▸ **WHAT TO PRODUCE**
A word-for-word copy of the data, with no images, is the required answer.

▸ **DATA IN THIS EXERCISE**

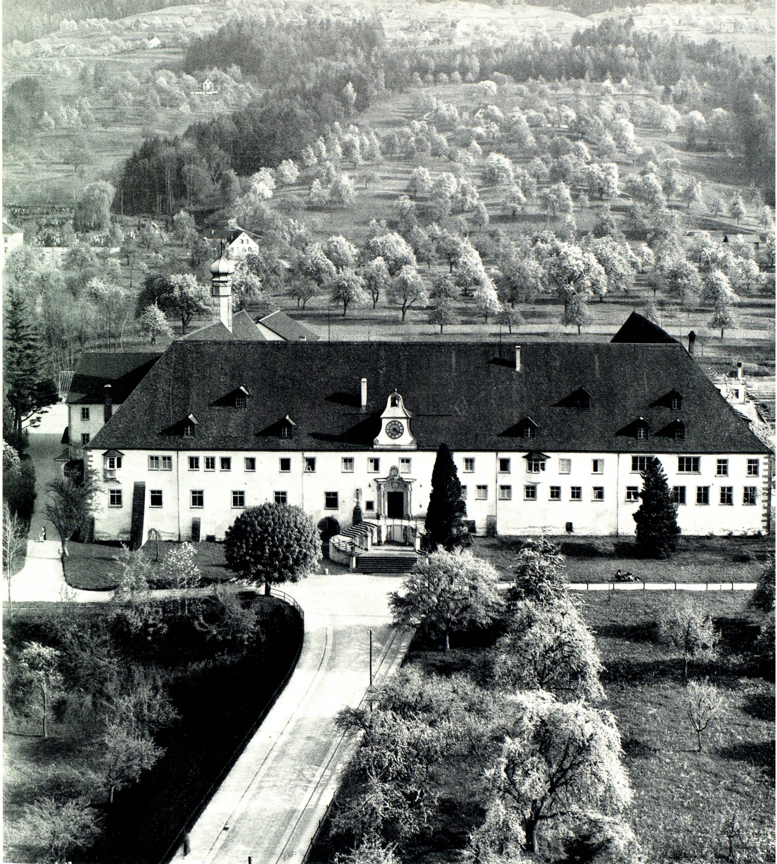
Seminar Marienberg, Rorschach

In voller Blüte prangten die Birnbäume am Rorschacherberg, als Bernhard Moosbrugger vom Turm der Jugendkirche aus diese ebenso schöne wie instruktive Aufnahme des Seminars machte. Auch die drei folgenden Bilder verdanken wir dem gleichen jungen Künstler.
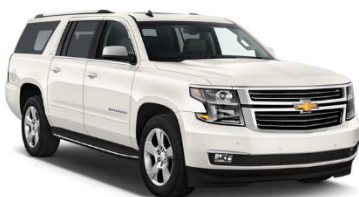
Chevrolet Suburban mod. 2018
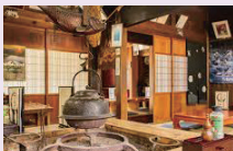
お食事処いろいろ
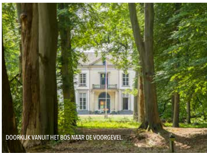
DOORLIJK VANUIT HET BOS NAAR DE VOORGEVEL.
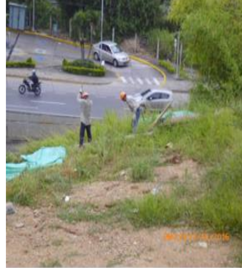
Actividades de cerramiento.

▸ **FINISHED EXERCISE**
Seminar Marienberg, Rorschach

In voller Blüte prangten die Birnbäume am Rorschacherberg, als Bernhard Moosbrugger vom Turm der Jugendkirche aus diese ebenso schöne wie instruktive Aufnahme des Seminars machte. Auch die drei folgenden Bilder verdanken wir dem gleichen jungen Künstler.
Chevrolet Suburban mod. 2018
お食事処いろいろ
DOORLIJK VANUIT HET BOS NAAR DE VOORGEVEL.
Actividades de cerramiento.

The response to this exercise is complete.